Let us write a C program that does just that:
\listinginputcaption{1}{\texttt{main\_1.c}}{tutorial/main_1.c}
In order to make the test useful, we have to print
the obtained hash value. Because the result we are interested in is
an 8-byte number, represented as a char array of
arbitrary characters (some of them non-printable), we cannot
use string-printing functions, hence the \lstinline|for| loop at lines 17-18.
\goodbreak
With luck, the compilation goes smoothly and we obtain
the hash value:
\begin{shell}
gcc *.c
./a.out
\end{shell}
\begin{logs}
215
215
189
207
196
124
124
13
\end{logs}
\subsection{First try at an analysis using \Eva{}}
Let us now see how \Eva{} works on the same example.
\Eva{} can be launched with the following command.
The analysis should not take more than a few seconds:
\begin{listing-nonumber}
frama-c -eva *.c >log
\end{listing-nonumber}
Frama-C has its own model of the target platform (the default target is
a little-endian 32-bit platform). It also uses the host system's preprocessor.
If you want to do the analysis for a different platform than the host platform,
you need to provide Frama-C with a way to pre-process the files as they
would be during an actual compilation.
There are analyses where the influence of host platform parameters
is not noticeable. The analysis we are embarking on is not one of them.

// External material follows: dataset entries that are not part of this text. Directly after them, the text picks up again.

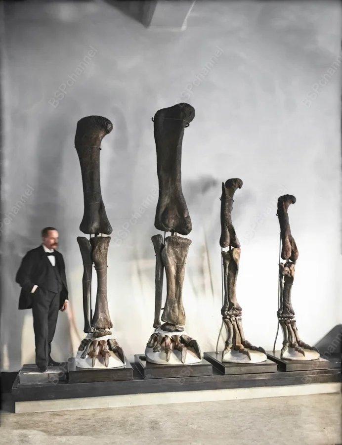 Палеонтолог Генри Осборн с конечностями динозавров, 1899 год.
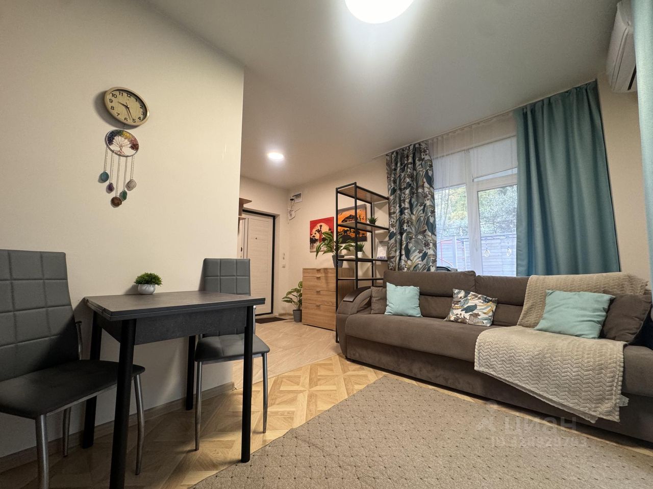 Новая светлая студия кухней-гостиной. Размещается 2-3 гостей. Диван- кровать с ортопедическим основанием. постельное белье и полотенца , телевизор со СМАРТ ТВ.
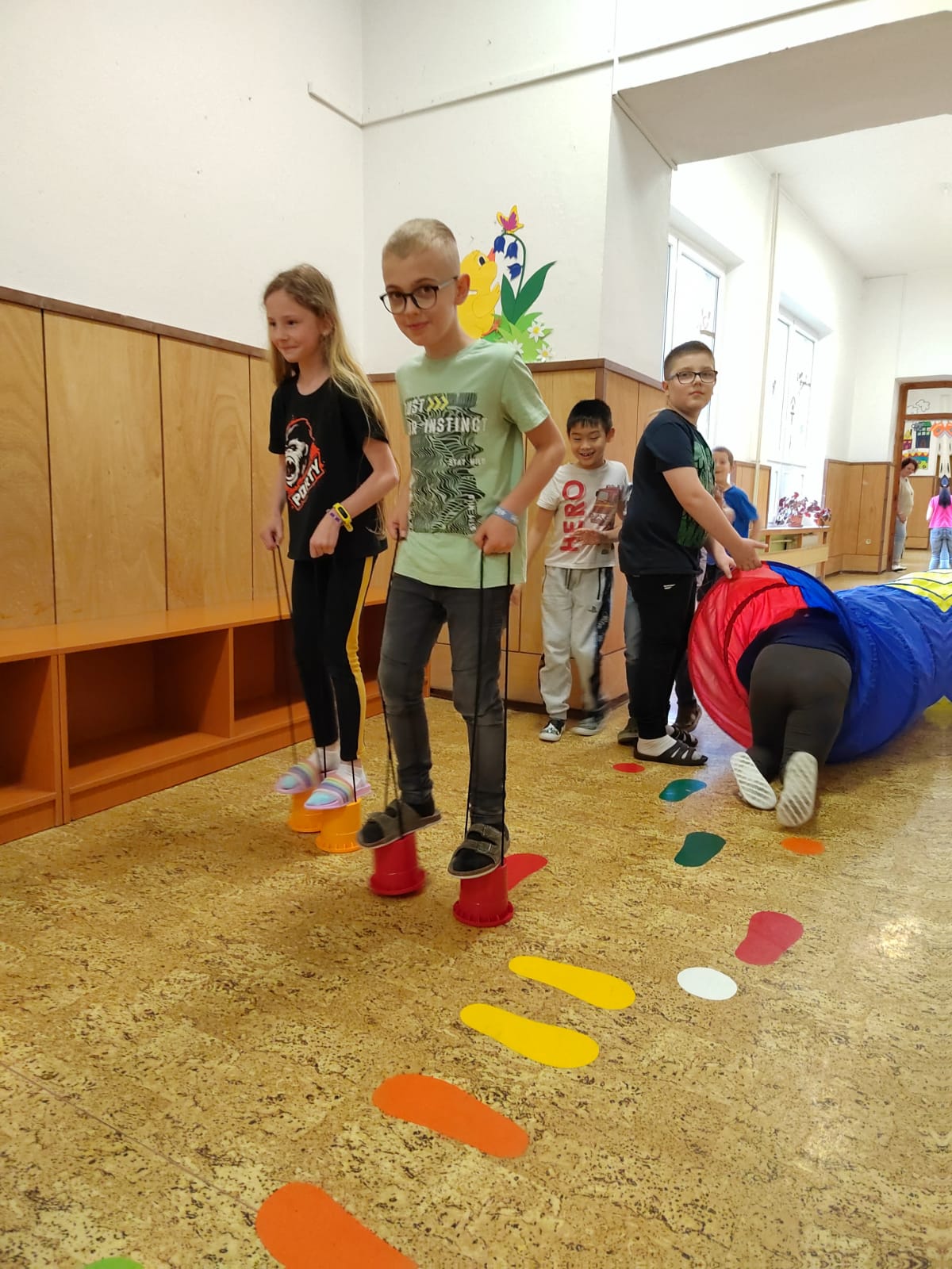 Ve dnech 30. 5. - 1. 6. proběhla ve školní družině oslava mezinárodního dne dětí. V pondělí a úterý děti sbíraly body za soutěže, kvízy, rébusy, sportovní úkoly a další aktivity. Činnosti se odehrály v odděleních, na chodbě u ŠD, na školním dvoře a hřišti, kde si děti vybíraly z různých aktivit - tanec a zpěv při hudbě, házení pytlíků a kroužků, prolézání tunelem, malování křídami, skákání v žebříku a pytlích, chůze na chůdách, kladině, hra minigolf, kopaná. Ve středu si děti mohly  podle získaných bodů  vybrat pěkné ceny nebo sladkosti v obchůdku, kdy se získané body proměnily v peníze.

If you pre-process the Skein source code with a 64-bit compiler and
then analyze it with Frama-C targeting its default 32-bit platform,
the analysis will be meaningless and you won't be able to make sense of
this tutorial.
If you are using a 64-bit compiler, simply match
Frama-C's target platform with your host header files by systematically adding
the option \verb|-machdep x86_64| to all commands in
this tutorial.
The ``\lstinline|>log|'' part of the command sends all
the messages emitted by Frama-C into a file named
``\lstinline|log|''. \Eva{} is verbose for a number of reasons that
will become clearer later in this tutorial.
The best way to make sense of the information
produced by the analysis is
to send it to a log file.
There is also a Graphical User Interface
for creating analysis projects and
visualizing the results.
The GUI is still evolving quickly at this stage
and it would not make much sense to
describe its manipulation in detail in this document.
You are however encouraged to try it if it is available on your
platform.
One way to create an analysis project in the GUI
is to pass the command \lstinline|frama-c-gui| the same options
that would be passed to \lstinline|frama-c|. In this first example,
the command \lstinline|frama-c-gui -eva *.c| launches
the same analysis and then opens the GUI for inspection of the results.
The initial syntactic analysis and symbolic link phases
of Frama-C may find issues such as
inconsistent types for the same symbol in different files.
Because of the way separate compilation is implemented,
the issues are not detected by standard C compilers.
It is a good idea to check for these issues in the first
lines of the log.
\subsection{Missing functions}
Since we are trying out the library for the first time,
something else to look for in the log file is the list of functions for
which the source code is missing. \Eva{} requires
either a body or a specification for each function it analyses.
\begin{listing-nonumber}
grep "Neither code nor specification" log
\end{listing-nonumber}
This should match lines indicating functions that are both undefined
(without source) and that have no specification in Frama-C's standard library.
In this example, no functions will be output, since Frama-C's standard library
already has prototypes for the most important library functions.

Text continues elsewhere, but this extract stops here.